Generating Gray codes using the definition is slower than using bitwise operations, but the recursive definition can be written as a scan/fold expression and is useful for testing, as this example shows.

Single pole lowpass IIR Filter

DSP (Digital Signal Processing) applications ofter requires feedback, i.e., accessing some previous output value in a process. PyScanPrev can be used to write simple signal processing models like IIR (Infinite Impuse Response) linear filters. This is an example with a single pole lowpass digital filter. For testing and displaying the results, this example uses AudioLazy and hipsterplot.

State-space model

Simulation of linear discrete time modeling in control engineering. The example gives an implementation of both time varying and time invariant state-space models. These models are then used to simulate:

  • an accumulator

  • a LTI (Linear Time Invariant) continuous time mass-spring-damper SHM (Simple Harmonic Motion) model

  • a linear time varying “leaking bucket”-spring-damper model

  • another LTI IIR filter, designed from the difference equation and simulated as a state-space model, compared with the AudioLazy results

The discretization process is included in the example, and the simulations use hipsterplot to plot the motion path/trajectory. This example includes an explanation/proof to the conversion from difference equations to a state-space model (via Z Transform).

Why “Scan”?

Scan is a high order function that can be seen as something between the map and the reduce (fold) functions, returning all steps of a fold. Since Python 3.3, it’s available in the function itertools.accumulate.

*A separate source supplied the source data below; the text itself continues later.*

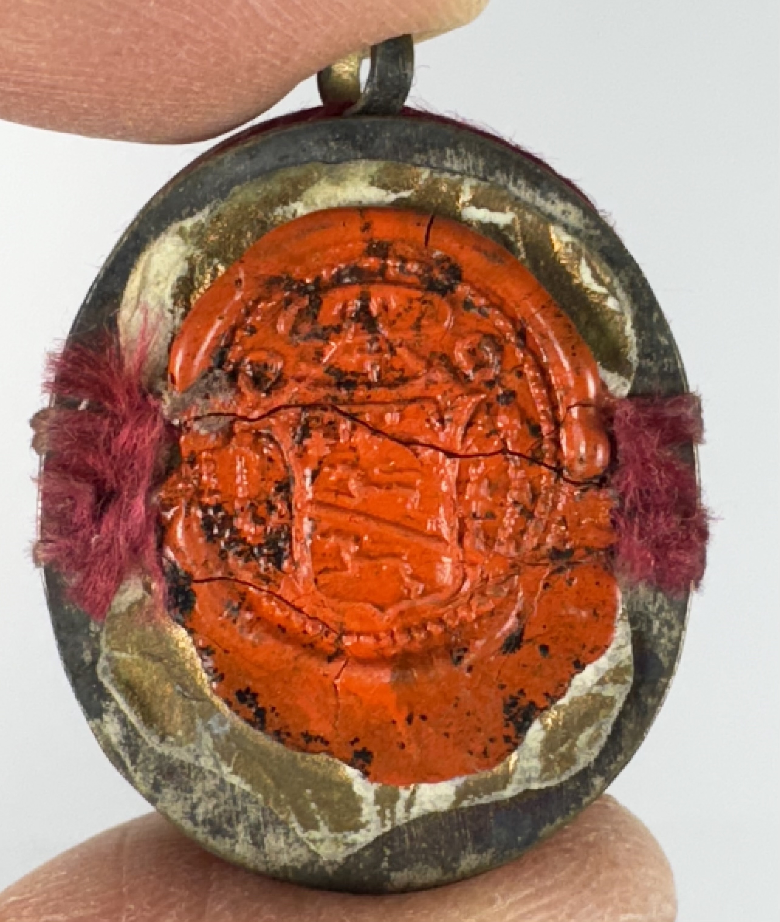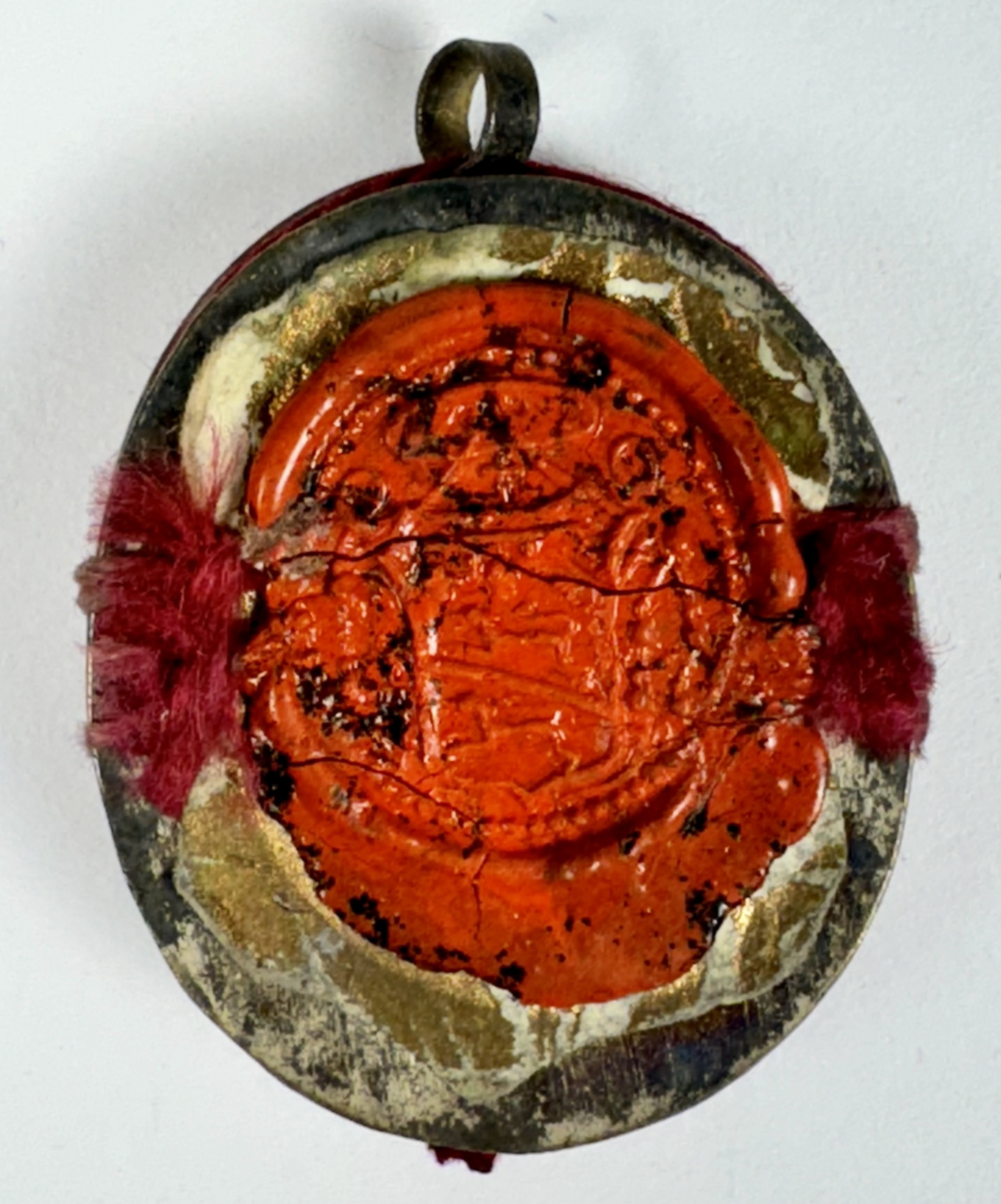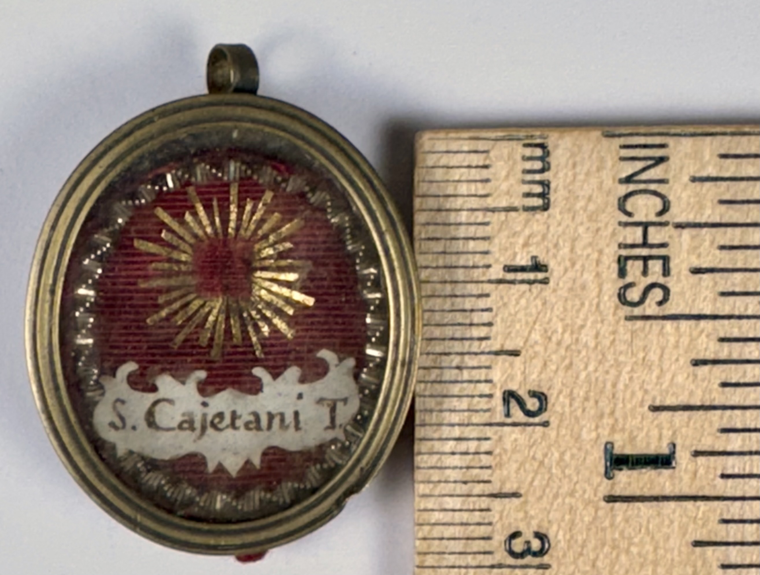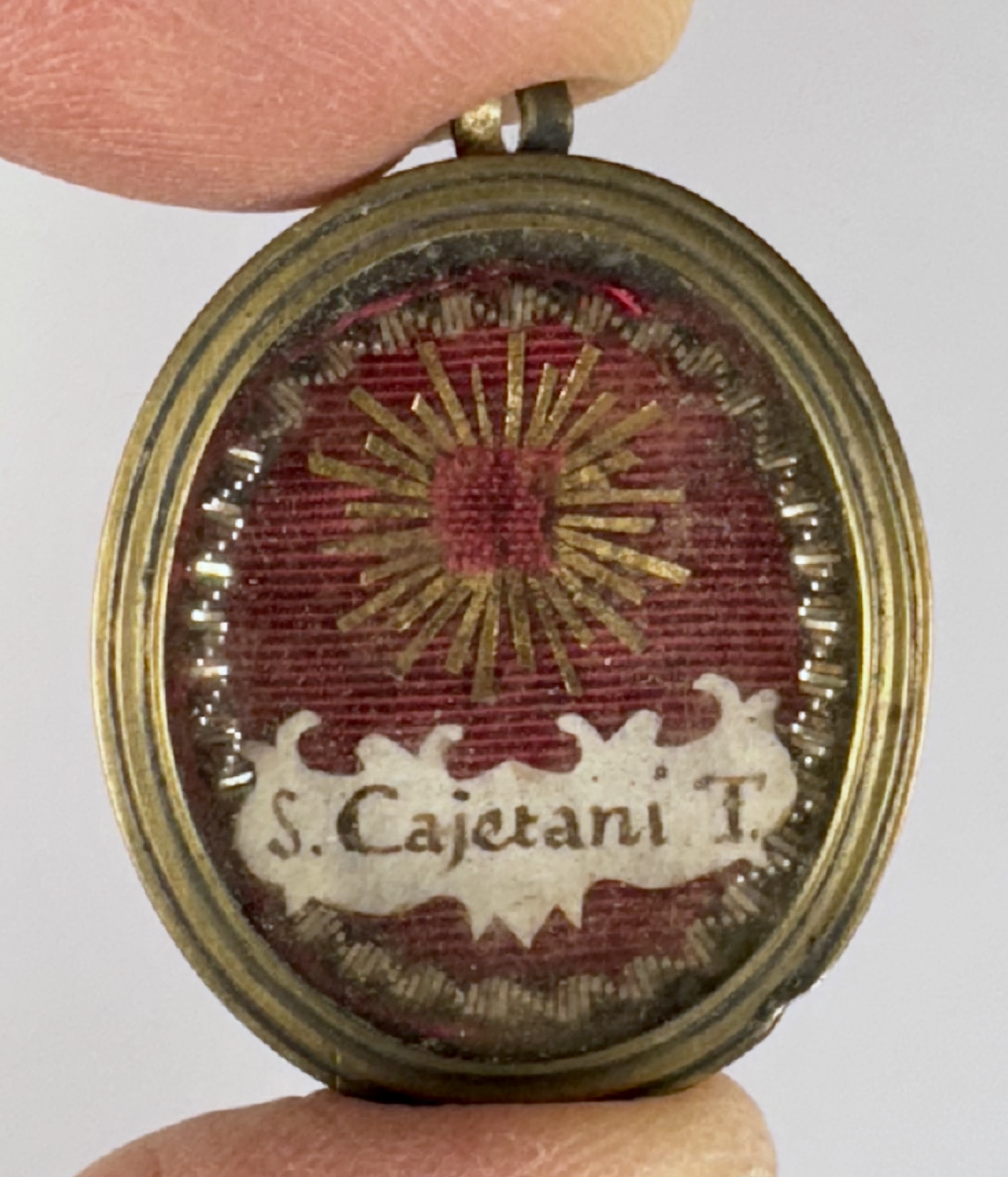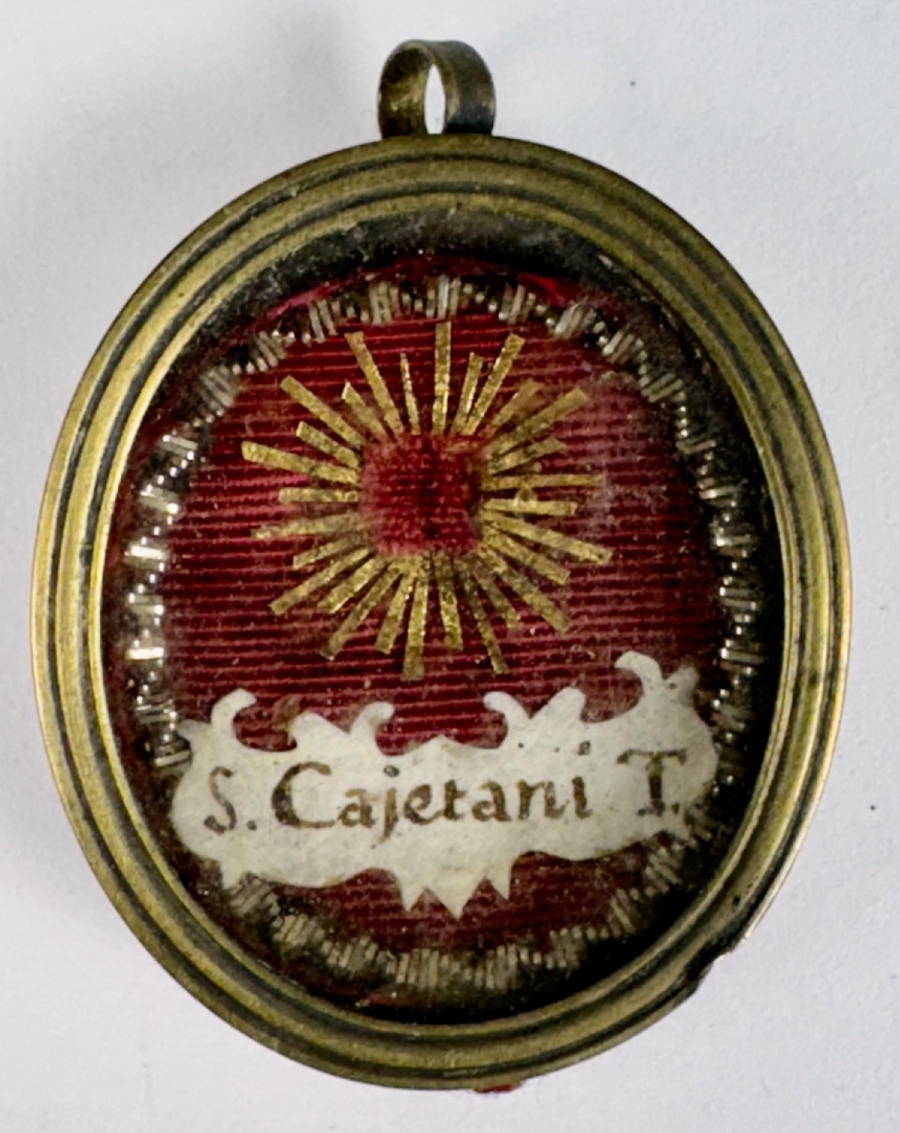 Oval glass-fronted silvered brass pendant reliquary theca housing the second-class relic of St. Gaetano dei Conti di Thiene.  A substantial relic is affixed to a gilt-paper starburst on a ground of red-colored silk, surrounded by silver wire ornamentation, and identified in Latin on a fancy manuscript cedula label as S. Cajetani T.(St. Gaetano [dei Conti di] Thiene). On the back, the theca is secured with a seal of red Spanish wax bearing an imprint of a coat of arms of Francesco Gaetano Incontri (†1781), the Archbishop of Florence (p. 1741-1781), Italy.
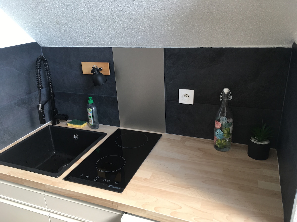 Očarljiva garsonjera v velikosti 22 m2 z 1 teraso, obrnjeno proti jugozahodu, ki se nahaja v 3. in zgornjem nadstropju mirnega stanovanja (obiskovalci zabave se vzdržijo). Dnevna soba vključuje 1 clic-clac (kakovostna posteljnina z vzmetnico Dunlopillo), 1 mizo + 4 stoli, 1 kuhinjsko nišo (električne kuhalne plošče), 1 hladilnik, 1 mikrovalovno pečico, 1 aparat Tassimo, 1 grelnik vode, 1 opekač kruha, 1 TV in kopalnico s podstrešno kadjo (ni mogoče stati) Na voljo sta 2 kolesi (glejte fotografijo)
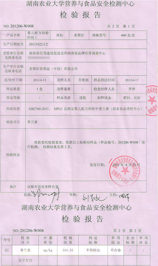經檢測,標注“美贊臣營養品(中國)有限公司”生產的生產日期為“20111022B2”、批號為“0028887CH1KNW5B”盒裝嬰兒配方奶粉(1階段)和生產日期為“20120418”、批號為“0057427CH2DJN5C”灌裝嬰兒配方奶粉(1階段)兩種型號的產品因含有香蘭素被判不合格。雅培、惠氏等洋品牌的1階段嬰兒配方奶粉均檢測出香蘭素,被判不合格。根據《食品安全國家標準食品添加劑使用規定》GB2760—2011要求,凡使用范圍涵蓋0至6個月嬰幼兒配方食品不得添加任何食用香料。
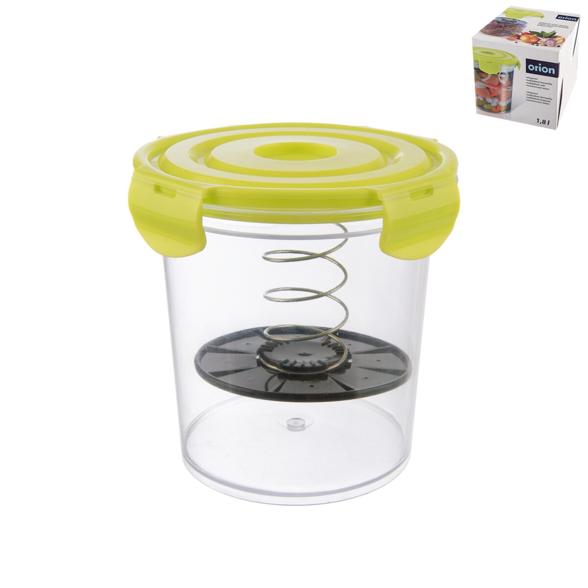 Kód produktu 124651Plastová transparentní dóza o objemu 1,8 l na marinování a nakládání potravin. Součástí je i pružinové víčko opatřené 4 pevnými klipy, které udrží potraviny ponořené v láku nebo oleji.
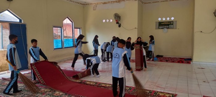 Sedangkan siswa tak mau ketinggalan, para siswa dengan penuh semangat membersihkan ruang mushalla. Area ini disiapkan secara khusus untuk menjadi lokasi cabang lomba religi, yakni lomba adzan.
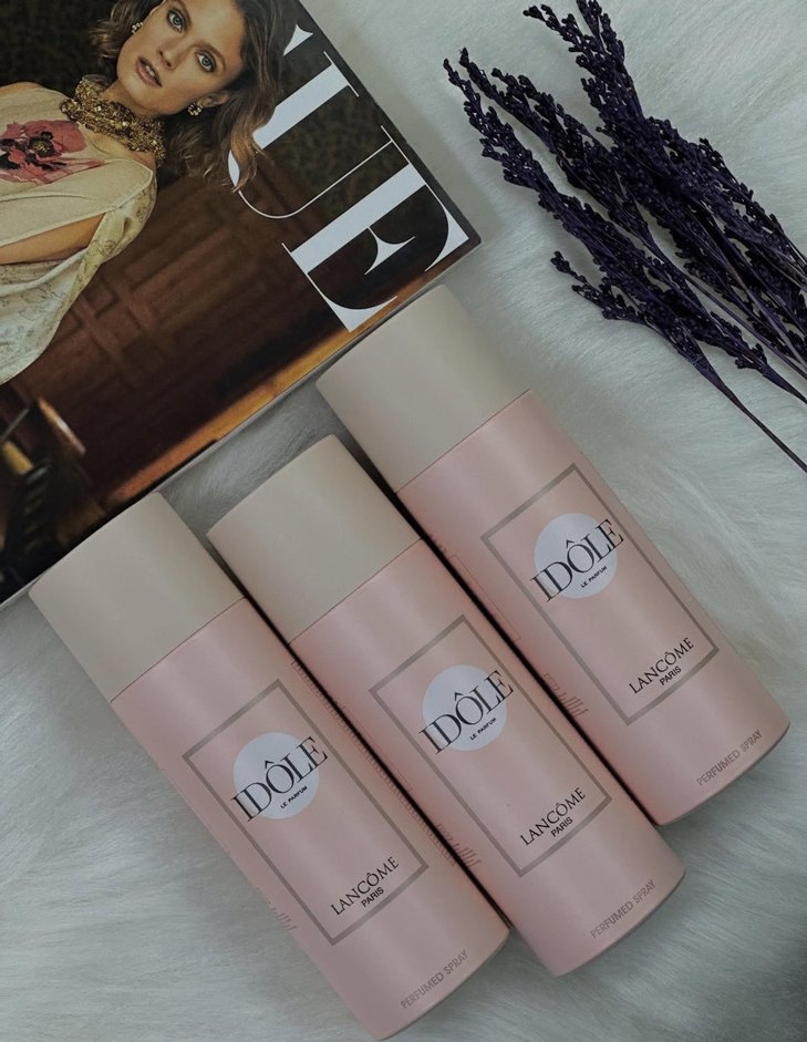 Lancôme Idôle kadın parfüm deodorant seti, şık pembe şişede yumuşak ve zarif bir koku sunar. Günlük tazelik için idealdir.
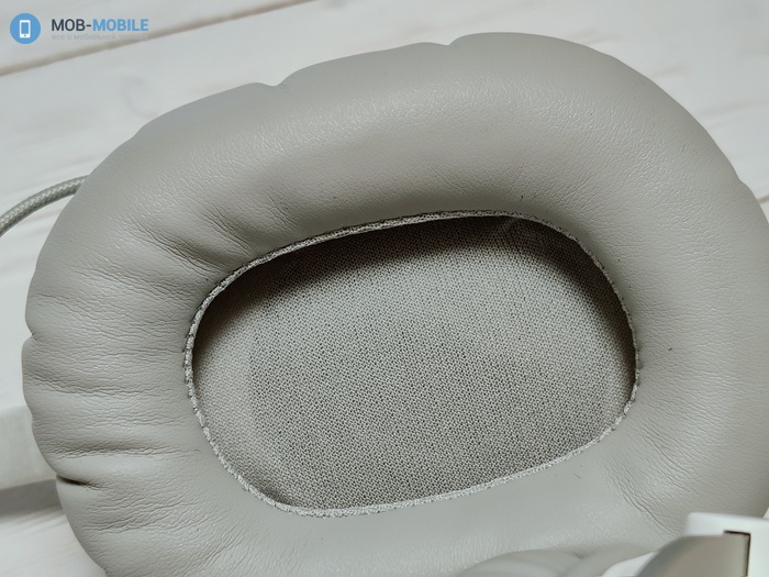 Амбушюры имеют традиционную для полноразмерных наушников овальную форму, изготовлены из экокожи, внутри заполненной наполнителем.
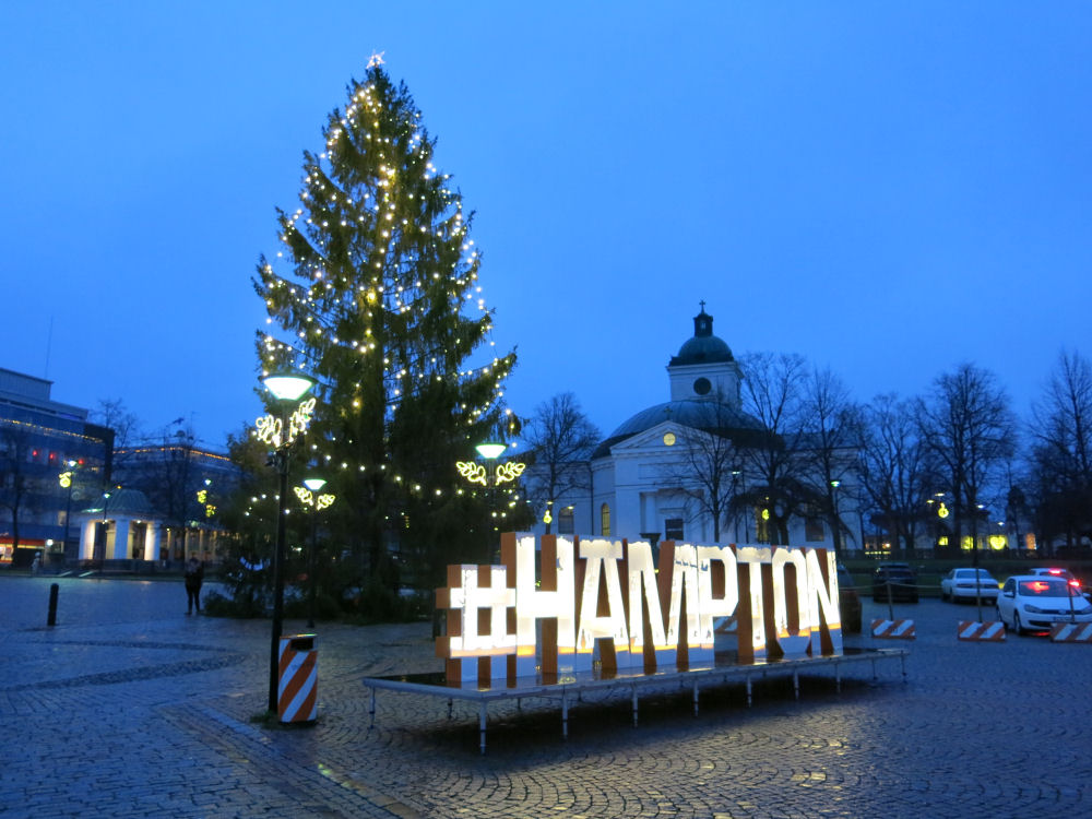 Torin kuusi, kirkko ja jotenkin korni Hämpton-teksti. Kyllä Hämeenlinna on Hämeenlinna!
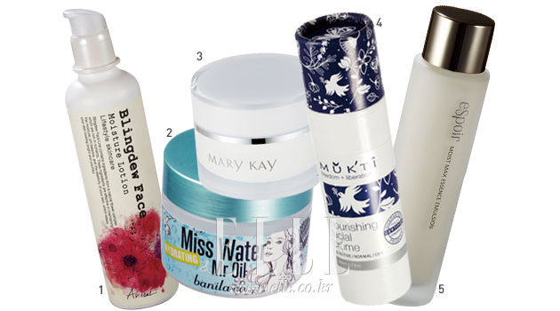 1 블링듀 페이스 모이스처 로션. 150ml. 1만9천원, 아리얼 2 미스 워터&미스터 오일 하이드레이팅 크림. 50ml. 3만원, 바닐라 코 3 멜라셉 나이트 크림. 30ml. 8만2천원, 메리케이 4 나리싱 페이셜 크림. 50ml. 6만8천원, 묵티 5 모이스트 맥스 에센스 에멀젼. 150ml. 2만8천원, 에스쁘아 |
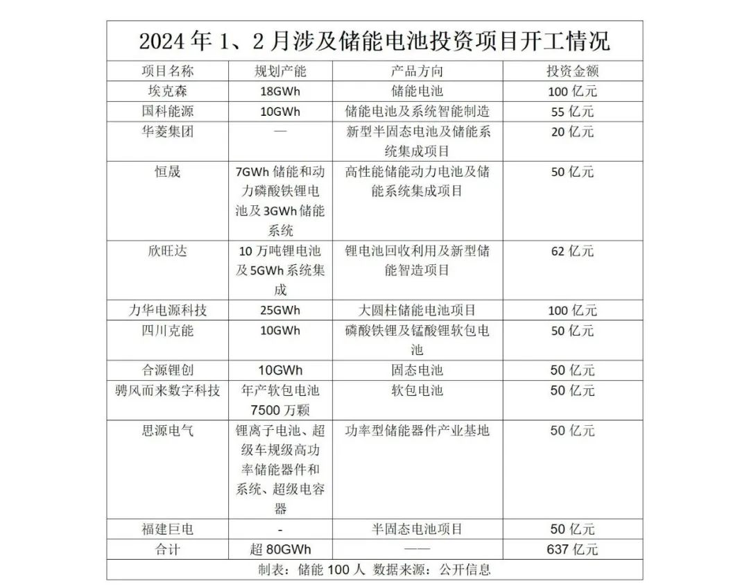 2024年剛開局,儲能電池擴產不停歇。據統(tǒng)計,1、2月涉及儲能電池的開工項目已超過10個,總產能超80GWh,總投資超600億元。
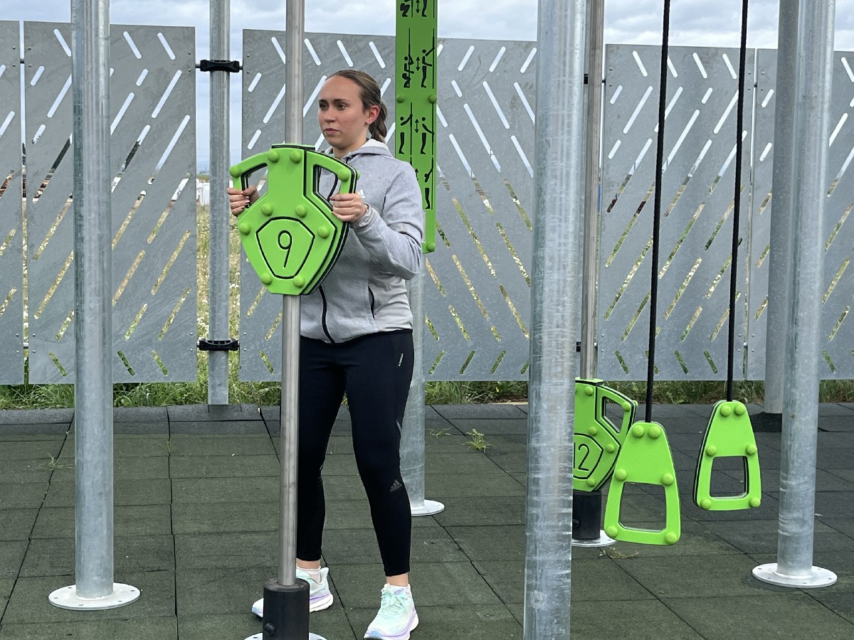 Četverokutna kutija s 2 kettlebella (9 i 12 kg) i 2 užeta za vješanje veličine M i L.
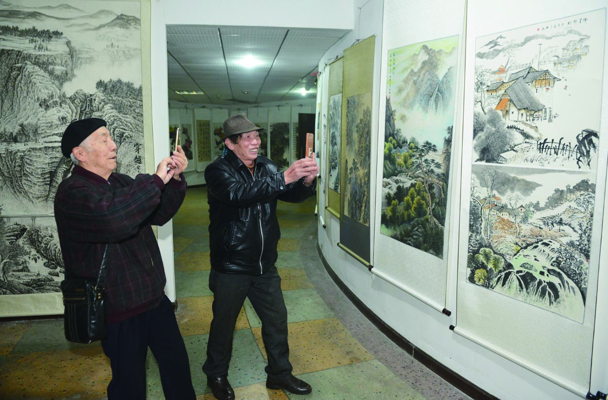 据绘画二班的袁文松老师介绍,本班一共有53名学生,平均年龄在六十岁左右,最大的已有八十多岁,这些作品都是他们平时通过认真系统地学习过后创作出来的,每一幅作品都凝结了老师和学生们的心血,展览展出的不仅仅是书画作品更是老年人的一种精神气。图为画展现场。

The goal here is to find an easy way to read the previous value in a generator expression and anything alike, so that the scan/fold (accumulate/reduce) code can be written using them. Readability counts!

Package contents

enable_scan(name)

Decorator that allows functions to have generator expressions and list/set comprehensions with a variable (the one with the given name) in its body for accessing the previous resulting value.

last(iterable)

Gets the last value from an iterable, making it straightforward to write a reduce/fold from the scan result.

prepend(value, iterable)

A version of [value] + some_list for general iterables, returning a generator. This function was created to allow PyScanPrev-enabled generator expressions and list/set comprehensions to include an explicit start value, but it can be used to prepend a value in any context, e.g. to force a start value on itertools.accumulate.

scan(func, iterable, [start], *, echo_start=True)

It’s an implementation of the scan higher order function with more features than itertools.accumulate (the start and the keyword-only echo_start parameters) and consistent to the functools.reduce function signature.

Tell me, how is that possible at all?

Magic! Some people say that’s bytecode manipulation, but isn’t that all the same?

Installing

You can either use pip:

# From PyPI
pip install pyscanprev

# From GitHub master branch
pip install --upgrade git+https://github.com/danilobellini/pyscanprev

Or setup.py directly:

python3 setup.py install

This software depends on bytecode, which requires Python 3.4+.

The world without this package (rationale)

It’s not usual nor widely known that the cross/cartesian product applied on multiple “for” sections in a generator expression or a list/set/dict comprehension allows more than one section to have the same target variable name. But that provides the means to do something akin to a scan, for example this cumulative sum (Tested in Python 2.6+ and 3.2+):

>>> [prev for prev in [0] for el in range(5) for prev in [prev + el]]
[0, 1, 3, 6, 10]

Whose parts are:

[prev for prev in [start]
      for target in iterable
      for prev in [func(prev, target)]]

But that’s a kludge, it’s hard to grasp, hard to change/update/maintain, fixed/locked in that “for” section order, and its behavior has some minor details whose control would need to be external (e.g. using the first value from the iterable as the start). The prev variable appears at least 4x in such structure and twice as a target. The first prev value is start, which is just seen/used by the last “for” section in its first func call, whose result is assigned to prev before the whole list comprehension appends/”yields” any output/result, since it’s also the target variable name in that “for” section. So start is never an output, although everything starts with prev for prev in [start].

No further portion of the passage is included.